| Exercise goal |
The lines to repeat are those below from the one containing "明阳智能融资融券信息显示,融" down to the one containing "Mit beweglichen Carbon-Knöcheln, abgesteppten", both included; reproduce them exactly and nothing else.

| Information shown |
========
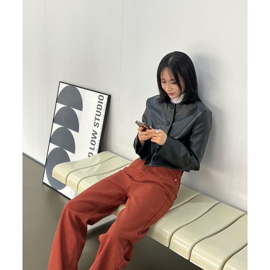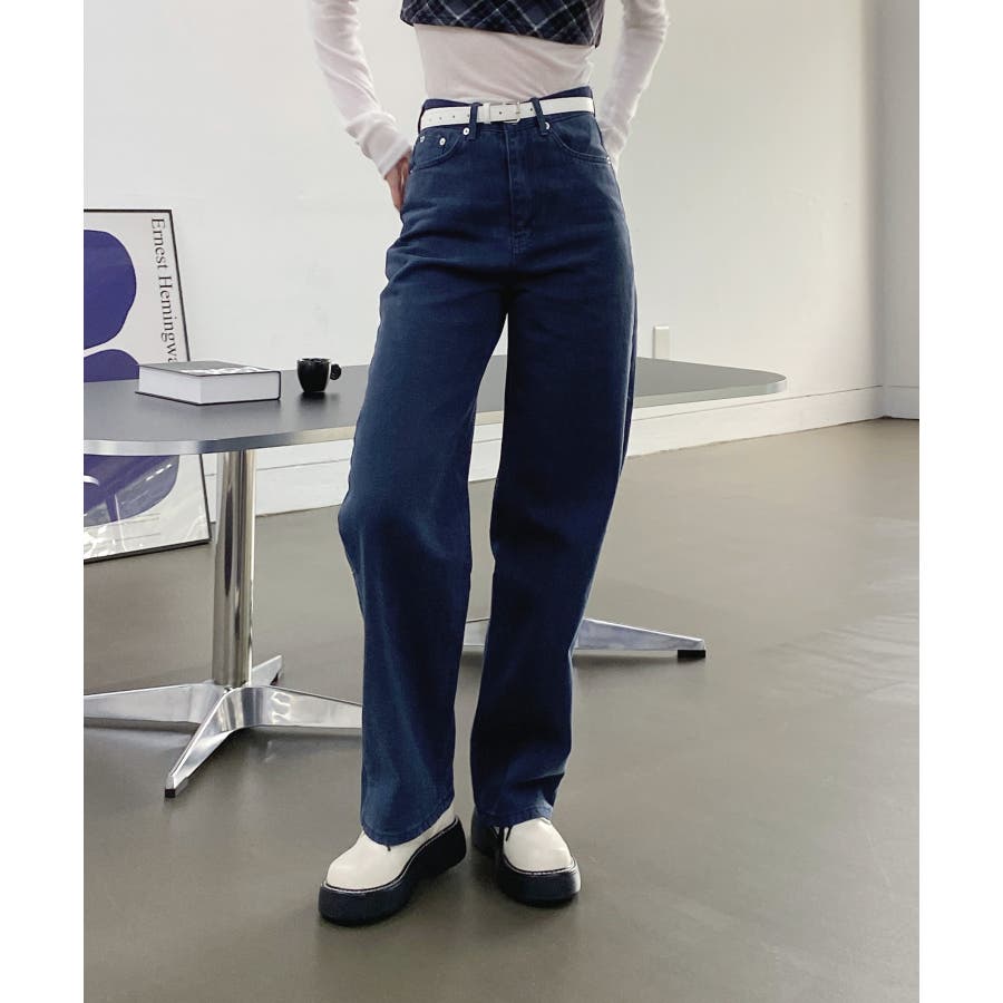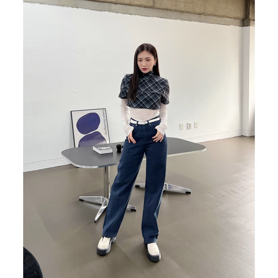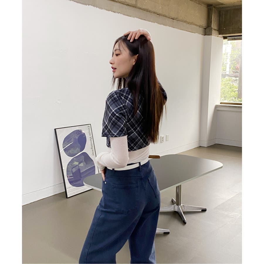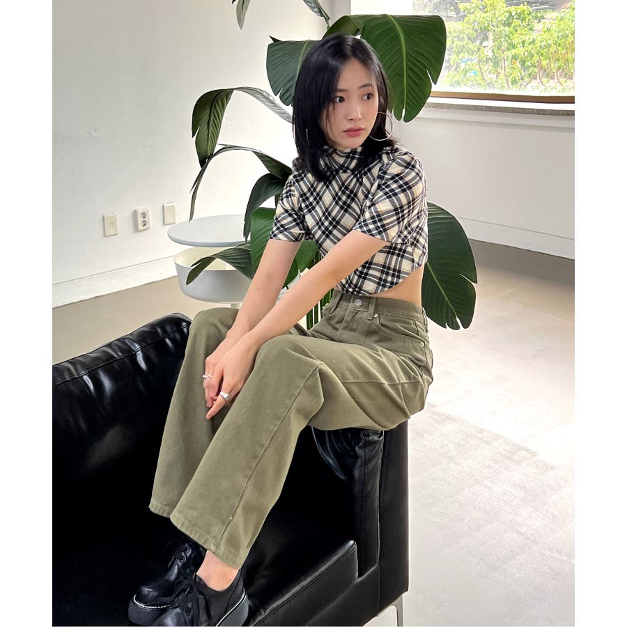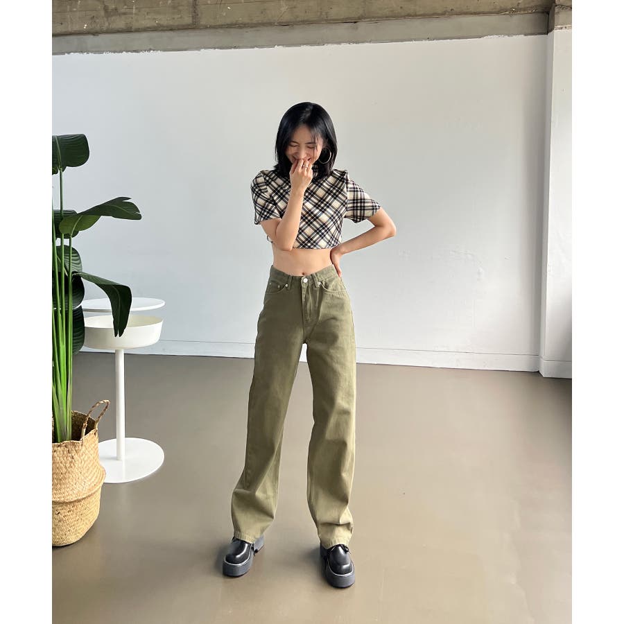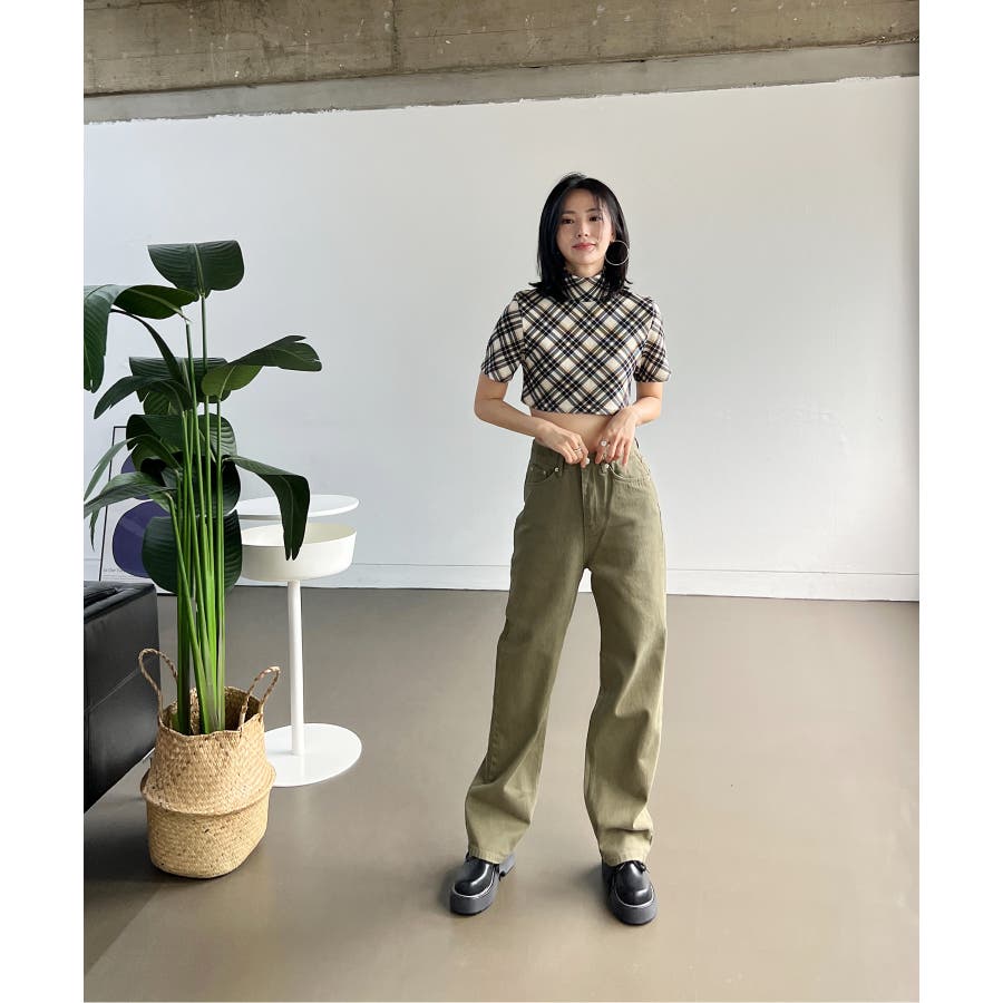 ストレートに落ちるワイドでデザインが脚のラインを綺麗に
========
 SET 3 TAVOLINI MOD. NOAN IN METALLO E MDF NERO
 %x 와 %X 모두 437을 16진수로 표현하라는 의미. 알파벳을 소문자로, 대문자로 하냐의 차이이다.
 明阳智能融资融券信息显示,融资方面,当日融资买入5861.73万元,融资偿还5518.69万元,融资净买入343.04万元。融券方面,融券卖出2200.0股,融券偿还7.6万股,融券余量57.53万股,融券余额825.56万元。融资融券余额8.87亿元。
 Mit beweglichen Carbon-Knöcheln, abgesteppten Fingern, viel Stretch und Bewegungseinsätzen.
========
| Exercise answer |
 明阳智能融资融券信息显示,融资方面,当日融资买入5861.73万元,融资偿还5518.69万元,融资净买入343.04万元。融券方面,融券卖出2200.0股,融券偿还7.6万股,融券余量57.53万股,融券余额825.56万元。融资融券余额8.87亿元。
 Mit beweglichen Carbon-Knöcheln, abgesteppten Fingern, viel Stretch und Bewegungseinsätzen.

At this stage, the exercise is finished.